I usually like to get the .net and sometimes the .org of my product, but
seldom go beyond that. While it's in the domain registrar's interest to sell
you .info, .biz, .us, .co, .whatever else, I don't see a lot of benefit. The
one exception would be if you are marketing to a non-US country (eg. if
marketing to the UK, perhaps get bot the .com and the .co.uk).
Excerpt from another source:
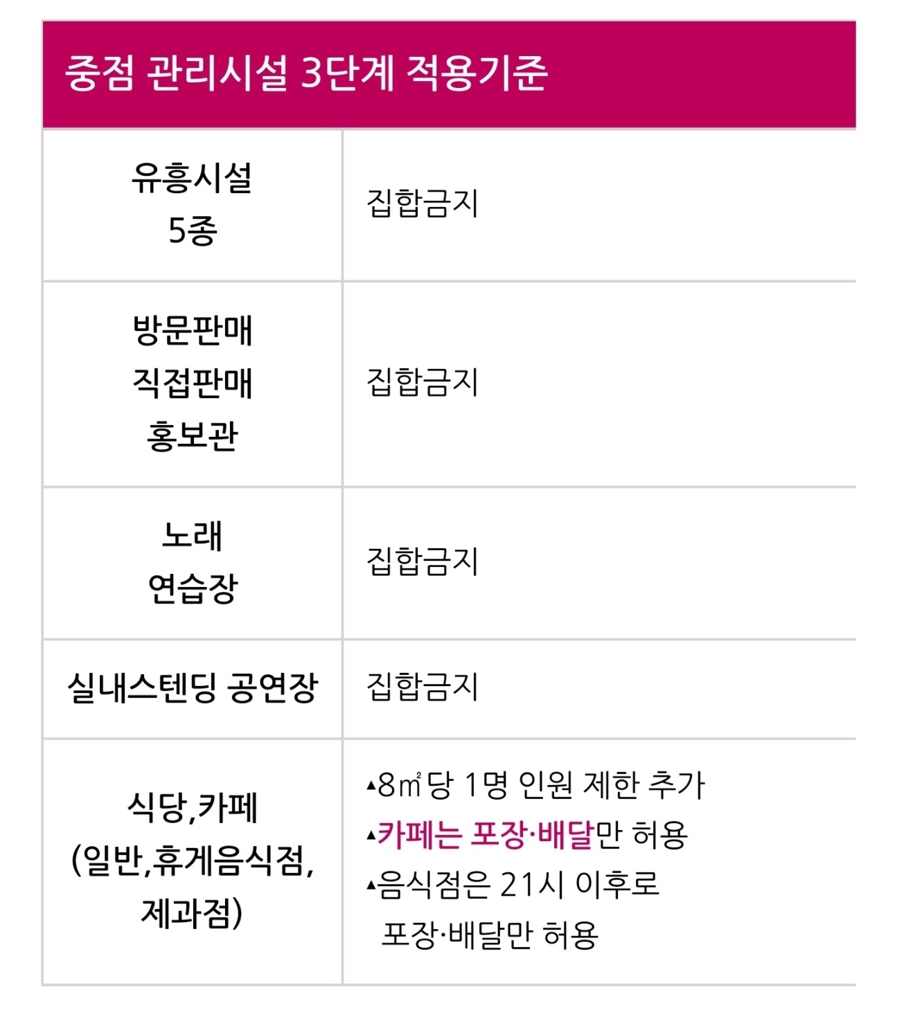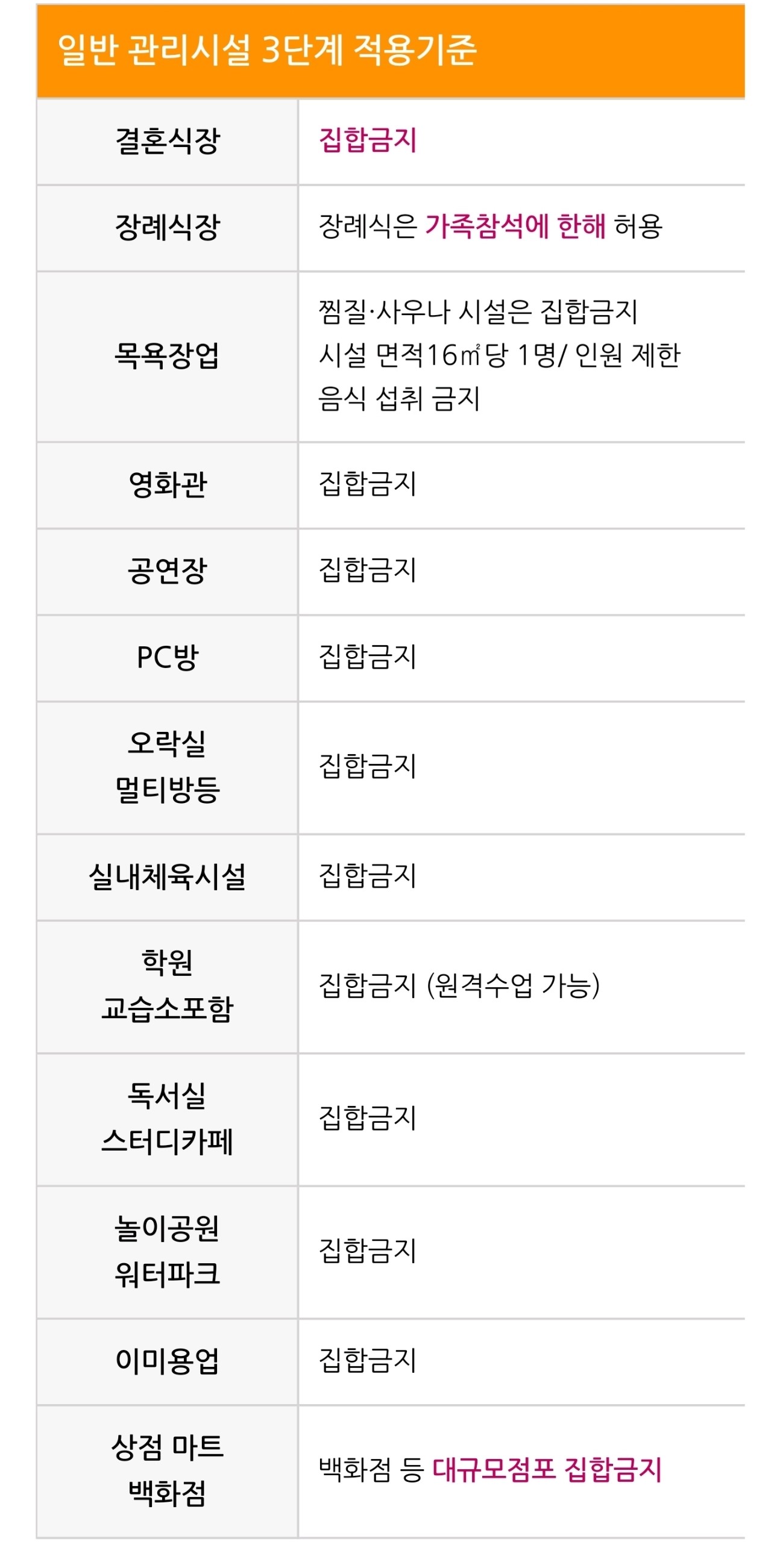 코로나 3단계 조치에 들어가면 일반적으로 우리가 이용하는 모든 시설들은 집합이 금지됩니다.
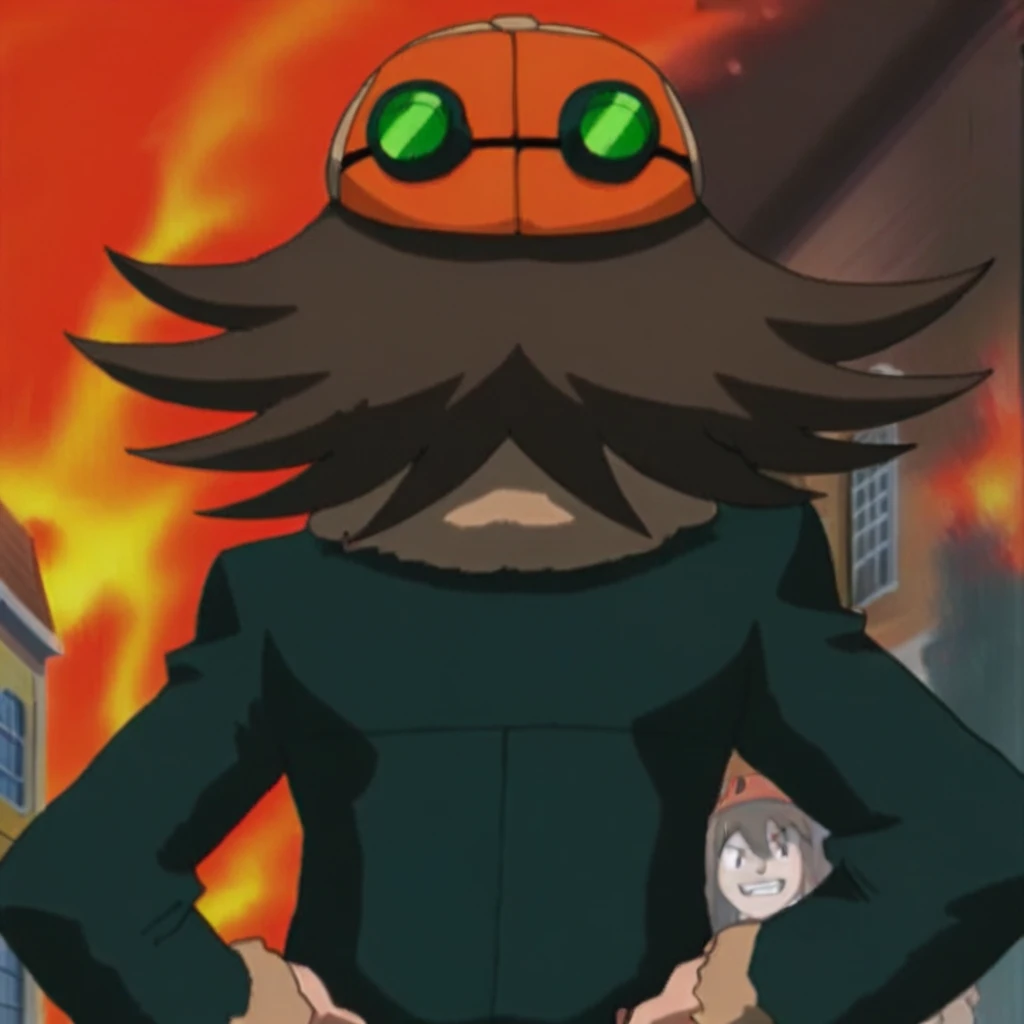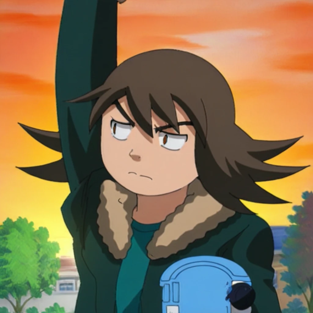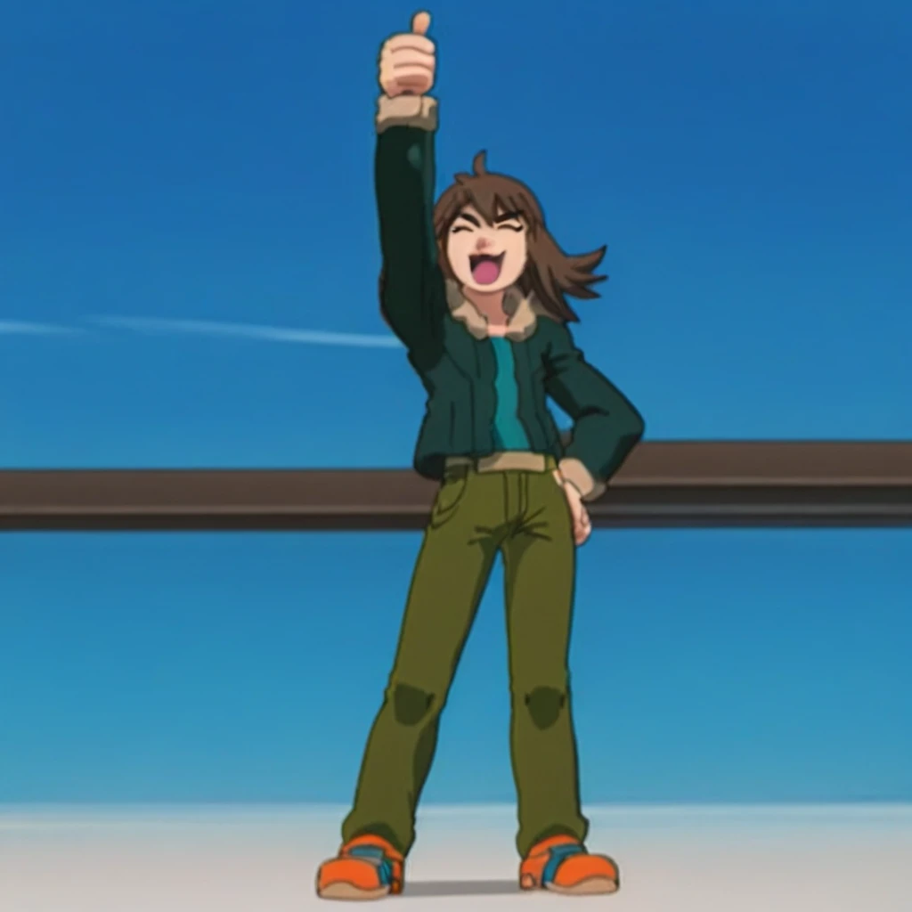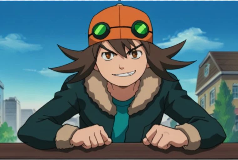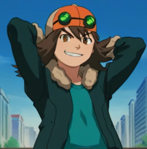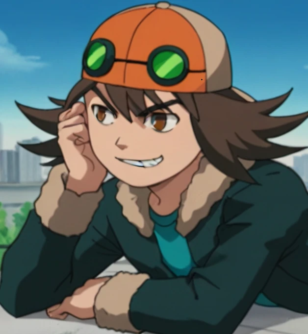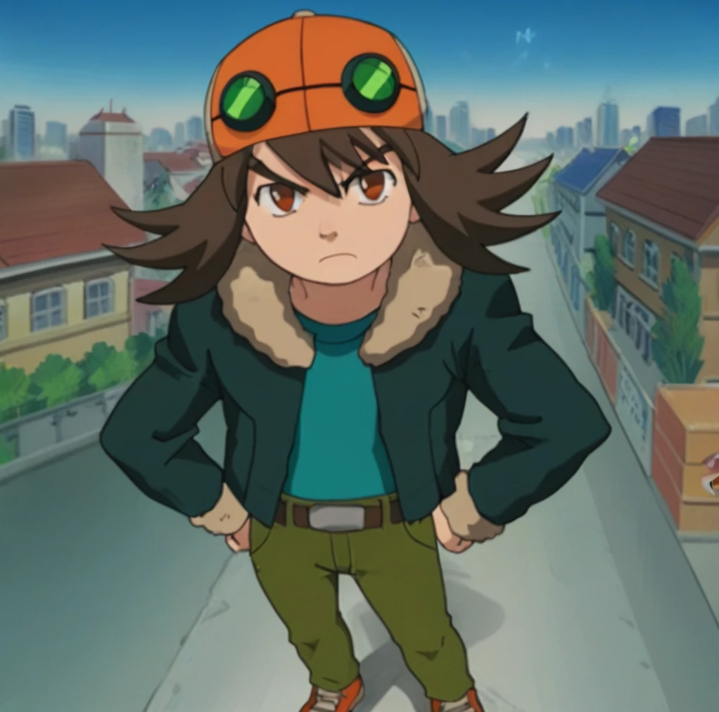 Prompts: male, brown hair, brown eyes, hat, dark teal fur-trimmed jacket / fur trim, light teal short-sleeve shirt, green pants, belt, goggles, goggles on head, orange shoes

If a domain doesn't pass the "ear test", where someone hears your name and
must be able to find your domain on the first attempt, I'd definitely get
other popular variations.

If you do buy a lot of variations in the beginning, be sure and forward them
to your main site while tagging them with Google Analytics. That way, you can
check GA and see which ones send traffic before deciding if each is worth
renewing. Shameless plug but I wrote a blog post on how to do this at
[http://www.keepingitrural.com/leverage-unused-domain-
names-b...](http://www.keepingitrural.com/leverage-unused-domain-names-boost-
website-traffic)

------
bradleyjoyce
if whatever you're building on the primary domain is successful, you'll end up
purchasing the variations down the road anyway and usually at a huge premium
because someone else will have bought them up to hitch a ride on the gravy
train. Might as well buy them early and save money.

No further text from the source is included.